Hudson v Royal Borough of Windsor and Maidenhead and Legoland (2019) EWHC 3505 (Admin)
Judicial Review challenge on behalf of the Campaign to Protect Rural England, to the decision of the Royal Borough of Windsor and Maidenhead to grant Legoland planning permission for the construction of a holiday village and other works at its Legoland Windsor site. The claimant complained about the impact of the development on veteran trees within the site and the inadequacy of the proposed buffer zone between the site and the adjacent Windsor Forest and Great Park Site of Special Scientific Interest and Special Area of Conservation, and the council’s failure to undertake an appropriate assessment. Court of Appeal upheld Lang J’s decision, although it concluded that the protective buffer zone between the site and the adjacent Windsor Forest and Great Park Site was wider than Lang J had assumed.

M4 Corridor (Relief Road) Around Newport Inquiry
Irena Sabic KC and Grace Brown were instructed in Inquiry through the Environmental Law Foundation by several organisations including the Wildlife Trust, Gwent Wildlife Trust and Campaign for Protection of Rural Wales. This concerned a scheme with an estimated cost of £1 billion; see here, which resulted in the plans of the Welsh Government to build the road being rejected.

Carolyn Brown v London Borough of Ealing and Queen’s Park Rangers [2018] EWCA Civ 556  
Challenge to Council’s decision to grant Queen’s Park Rangers planning permission to redevelop the 61-acre Warren Farm site in the Metropolitan Open Land (MOL) for mixed-use as a training facility for the football team and community open space/sports facilities. The appeal concerned the meaning of the term “very special circumstances” but also had a very important environmental angle, namely the application of the London Plan’s policies on the development of protected open spaces within the MOL.

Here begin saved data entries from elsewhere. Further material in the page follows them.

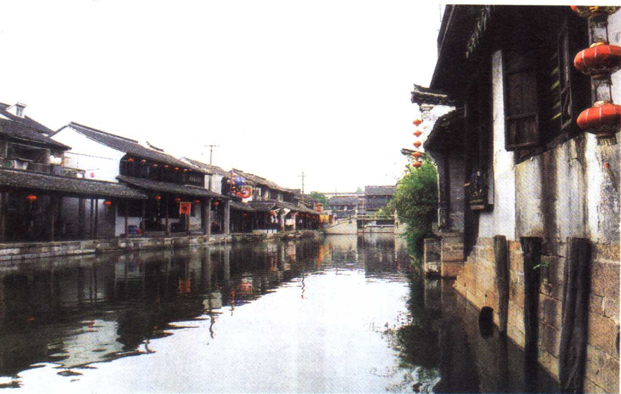
○ 现存史料记载说,早在千年前西塘就开始逐渐形成了集镇

吧。如今看来,就一般所具备的历史知识而言,人们心中的江南古镇,大多是以明清时期繁荣的历史为标志的。这种见解有它一定的合理性,但这仅是一种表象。江南小镇上一般现存的古桥老宅大多是明清建筑,这已得到了普遍的论证。但要真正探究各个古镇的悠久历史,还得通过当地一些出土文物来进一步深入考证。
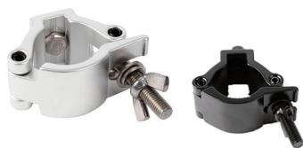
Tube: \Phi 48mm- \Phi 51mm SWL: 500kg 0.44kg
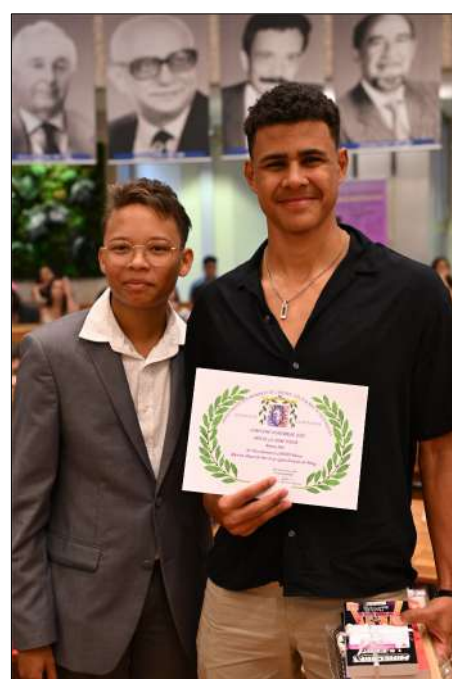
1 er Prix LUNTADI Keona 1 ère Lyc. Evariste de Parry
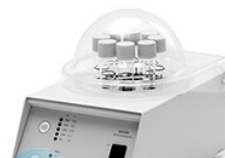
VELP ECO 8 терморектор
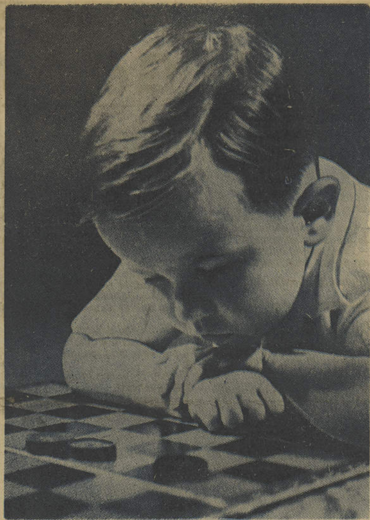
Debruçado sobre o tabuleiro das Damas, esta criança atenta e pensativa, estuda a possibilidade de mudar a pedra sem perder. Todos nós gostamos de mudar a pedra da própria Vida — sem perdermos.

Os «fans» lisboetas estão já a postos para este fim de festa e oxalá o marido não seja piropado com essa história do bebé com voz de tenor que deu brado em todo o mundo da má língua. Se a Bardot vier, porque dela tudo se espera, prometemos, desde já, aos nossos leitores uma reportagem sensacional da chegada ao aeroporto da tão espectacular B. B. com as «tais» gravuras que o leitor conhece. Combinado?
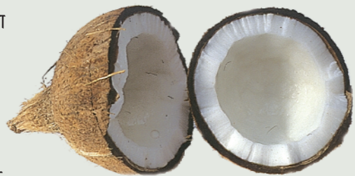
चित्र 5.1 (ख) नारियल

कई यात्रियों ने नारियल तथा पान जैसी चीजों को असामान्य माना।
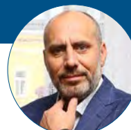
František Jura primátor statutárního města Prostějova

Už v době, kdy situace eskalovala v diplomatické rovině, jsme jako město vyjádřili Ukrajině podporu. Po vypuknutí války jsme navázali kontakt s městem Černivci na jihozápadě Ukrajiny a zorganizovali jsme sbírku materiálu podle jejich požadavků. Ke sbírce jsme přidali další potřebné věci, jako zdravotnický materiál, dalekohledy či termovize, a na ně jsme uvolnili z rozpočtu města 1,5 milionu korun. Chystáme další sbírku různých zařízení pro civilní ochranu města Černivci. V evakuačním centru na Tererově náměstí jsme připravili zázemí pro přechodné ubytování stovky lidí a další asi tři desítky míst jsme vytvořili v azylovém domě pro ženy a matky s dětmi. Oběma těmito zařízeními už prošly desítky žen s dětmi. Jsme připraveni pomáhat dál, události nasvědčují tomu, že ta hrozná situace hned tak neskončí.
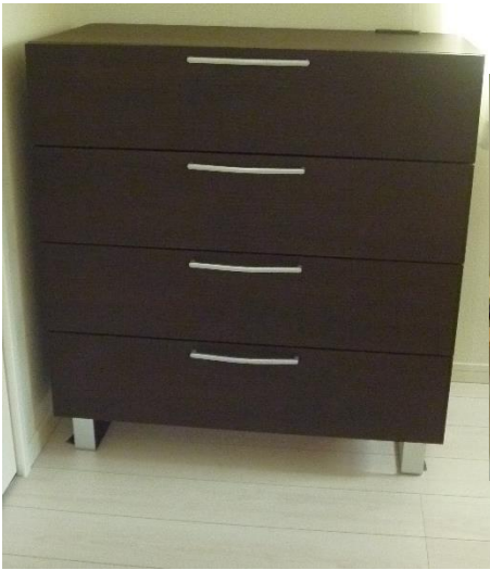
①チェスト(高 95×横 90×奥 45)
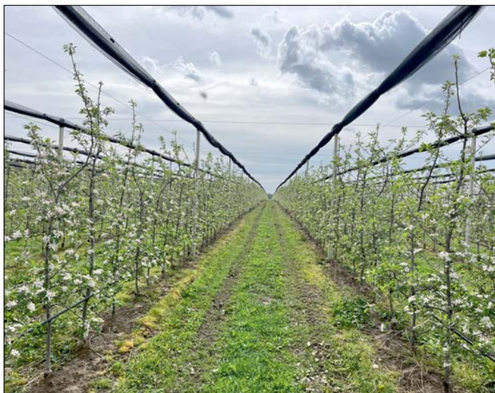
A kilimáni almáskert virágzó fáit.

Az „Ültess Fát” zöld kezdeményezés keretében gyümölcsfa ültetésre szeretnénk ösztönözni az intézmények 6. osztályos tanulóit, Úgy gondoljuk, hogy a Föld Napja is kiváló alkalom, hogy a gyermekek – legyen az óvodás, általános iskolás diák vagy középiskolás – felkeltsük a figyelmüket a környezetbarát életmódra, akár faültetéssel.
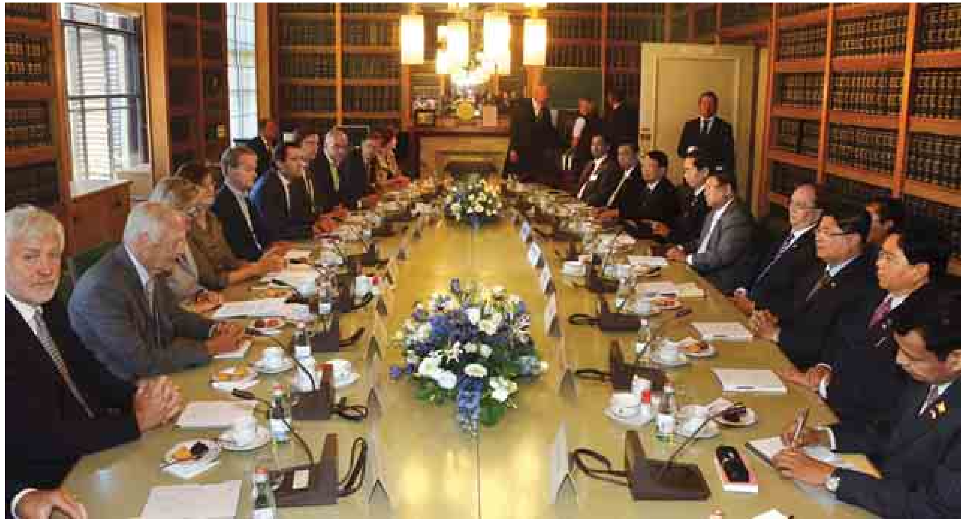
နိုင်ငံတော်သမ္မတ ဦးသိန်းစိန်နှင့်အဖွဲ့ နယ်သာလန်နိုင်ငံ နယ်သာလန်ပါလီမန်တွင် အထက်လွှတ်တော်ဥက္ကဋ္ဌနှင့်အဖွဲ့အား တွေ့ဆုံစဉ်။ (သတင်းစဉ်)

သည့်ဟော် စက်တင်ဘာ ၉ ပြည်ထောင်စုသမ္မတမြန်မာနိုင်ငံတော် နိုင်ငံတော်သမ္မတဦးသိန်းစိန်နှင့် အဖွဲ့သည် စက်တင်ဘာ ၈ ရက် ဒေသစံတော်ချိန် ညနေ ၅ နာရီတွင် နယ်သာလန်နိုင်ငံ နယ်သာလန်ပါလီမန်သို့ ရောက်ရှိပြီး အထက်လွှတ်တော်ဥက္ကဋ္ဌနှင့် အဖွဲ့အား တွေ့ဆုံသည်။
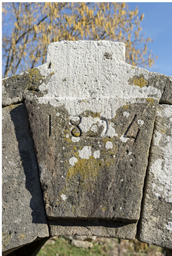
Date à la clé de de l'édicule sur la source juxtant le lavoir. 70, Cendrecourt
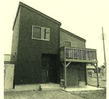
スキップフロアのWAVE

主:建物のトータルバランスを考えたりね。家づくりは1人では出来ないから、相手を尊重したり、思いやりなども必要な。自分が満足出来る家を建てて下さい。
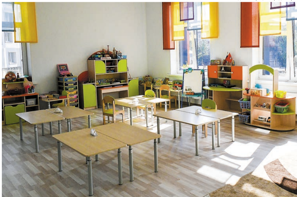
Администрация города Перми

К концу недели отоплением должны быть обеспечены все жилые дома города. По поручению главы Перми руководители районных администраций совместно с прокурорами районов при необходимости будут неза-
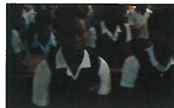
La première promotion du Collège
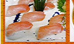
国産本まぐろ 中トロ寿司1人前 ¥2,480
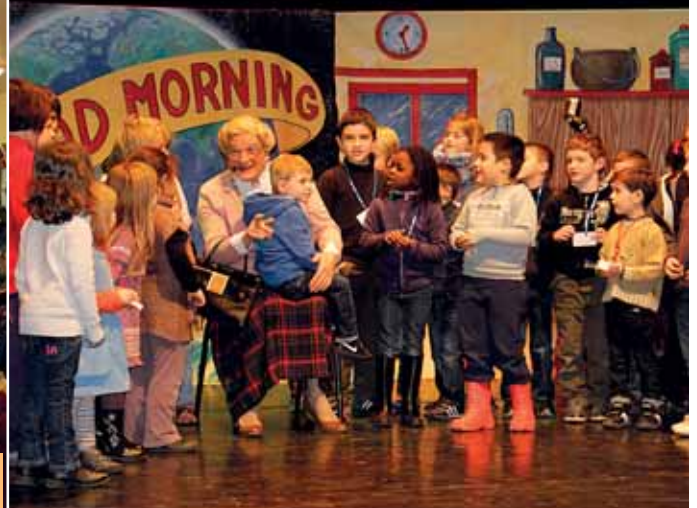
12 décembre Noël des enfants du personnel municipal et du centre de loisirs
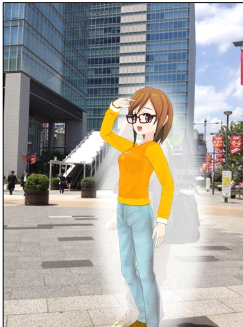
顔出し NG とのことで二次元化

会社の事務にいそうなこの人こそ、 月 10 万円を稼ぐ実力派のせどら一女子なのです。
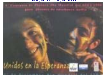
N°027 79,5 X 51 cm
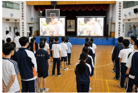
體衛組以身作則於宣導時加入自己刷牙的照片
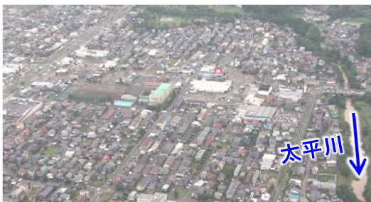
令和5年7月の大雨（秋田県秋田市）
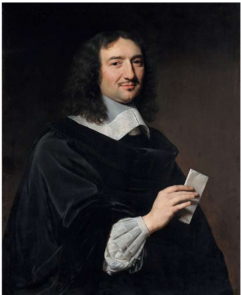
Jean-Baptiste Colbert, par Philippe de Champaigne (1655).
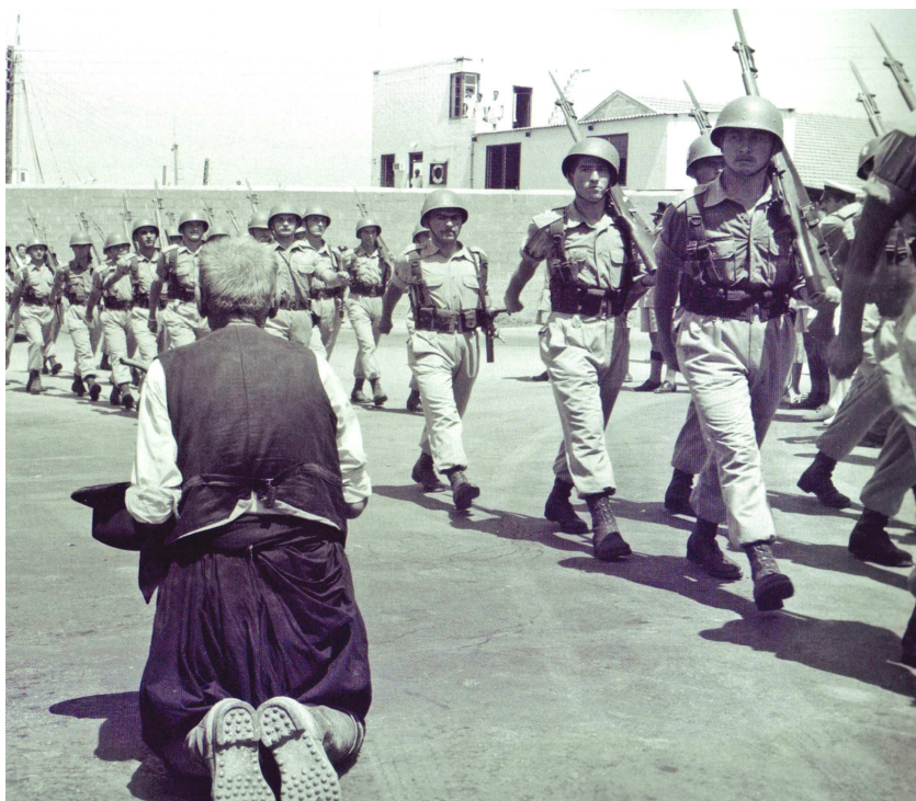
Limassol, le 17 août 1960 : le débarquement des troupes grecques.

souveraineté et à la fondation de la République de Chypre, les armées grecque et turque débarquent à Limassol.
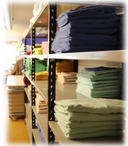
Blick in die Lingerie

Die Kleidungsstücke werden im Alterszentrum Mühlefeld gewaschen und gebügelt. Diese Dienstleistung ist in der Pensionstaxe enthalten. Wäsche und Kleider können auch bereits eine Woche vor Eintritt abgegeben werden.
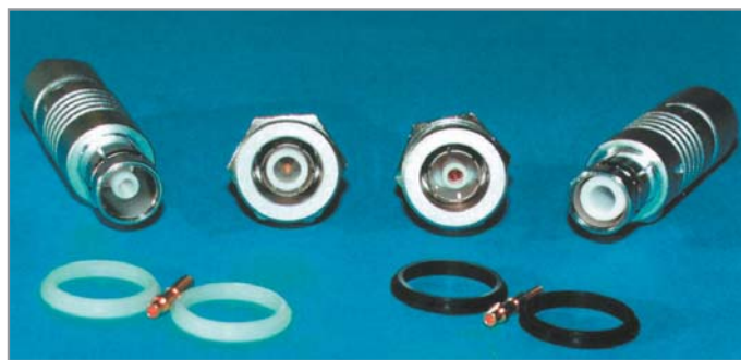
Разъемы для соединения устройств коаксиальным кабелем

сочетание между пропускной способностью и длиной. Их соотношение является одним из ключевых элементов спецификаций физического уровня, в которых хотя и не описывается траектория прокладки кабеля, но регламентируются его толщина, типы нагрузки на концах, максимальные расстояния и пропускная способность.
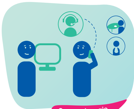
Samen de regie
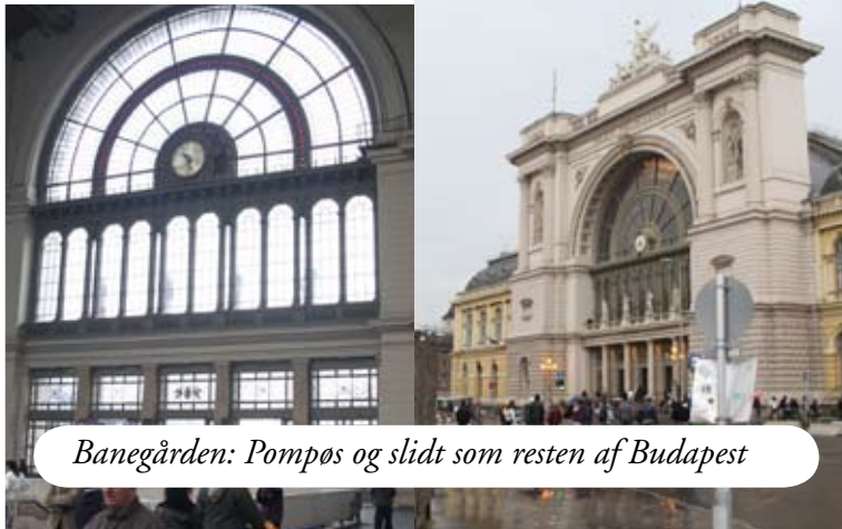
Banegården: Pompös og slidt som resten af Budapest
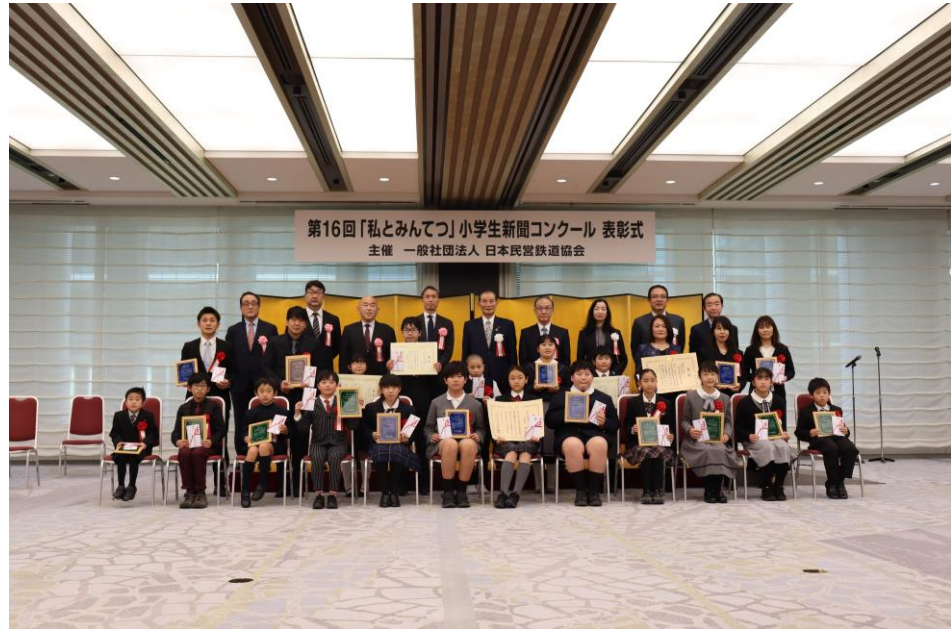
第16回新聞コンクール表彰式の様子（東京 経団連会館）
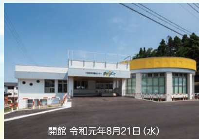
開館 令和元年8月21日（水）
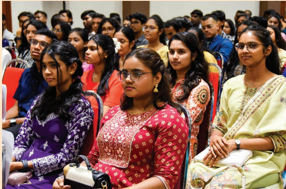
எஸ்.பி.எம் தேர்ச்சியில் சிறந்த தேர்ச்சிப் பெற்ற மாணவர்கள்.

“உங்கள் திறன்கள் வேலைக்கான காலியிடங்களை நிரப்புவதற்கு மட்டுமல்ல, புத்தாக்கத் திறனை வளர்க்கவும், பொருளாதாரத்தை மேம்படுத்தவும், நமது நாட்டில் வாழ்க்கைத் தரத்தை மேம்படுத்துவதும் அவசியமாகும்,” என்று அவர் கூறினார்.
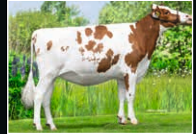
Batouwe Alishia Salva Red
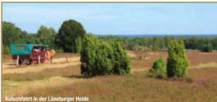
Kutschfahrt in der Lüneburger Heide
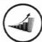
ความมั่งคั่ง
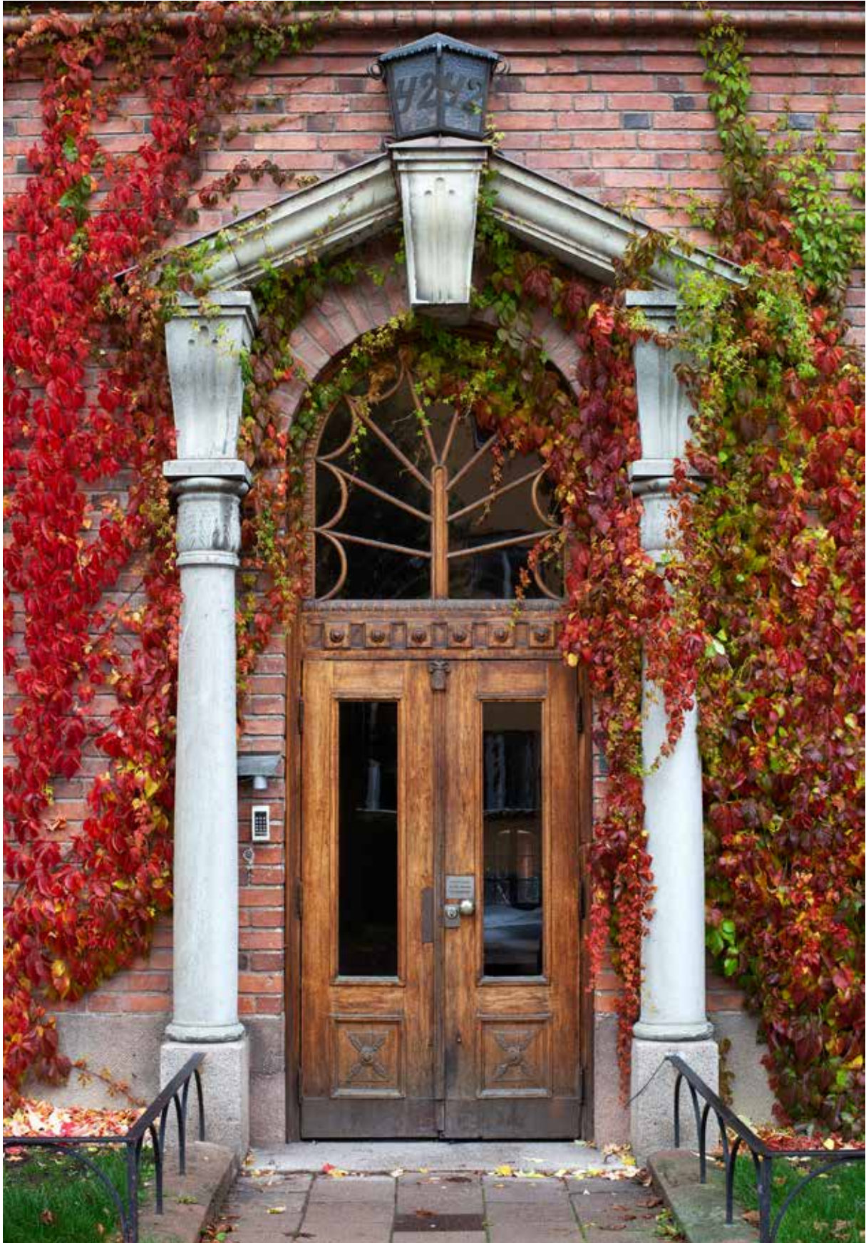
Det påkostade S:t Eriks huset, ett hyreshus uppfört 1928–29 av AB S:t Eriks Lervaruifabriker, är ett säregnet inslag i Uppsalas 1920-talsarkitektur. Under 2019 tog Upplandsmuseet fram ett kunskapsunderlag för denna kulturbistoriskt värdefulla byggnad.

LGT FFT and DGLG v Wolverhampton CC (FoE and Liberty intervening) 
The Supreme Court has granted Friends, Families and Travellers (FFT), London Gypsies and Travellers (LGT) and Derbyshire Gypsy Liaison Group (DGLG) permission to appeal the use of these wide-ranging ‘anti-Traveller’ injunctions taken out by Wolverhampton City Council and numerous other councils. Marc Willers KC is leading Tessa Buchanan and Owen Greenhall, and Stephanie Harrison KC is leading Stephen Simblet KC and Fatima Jichi.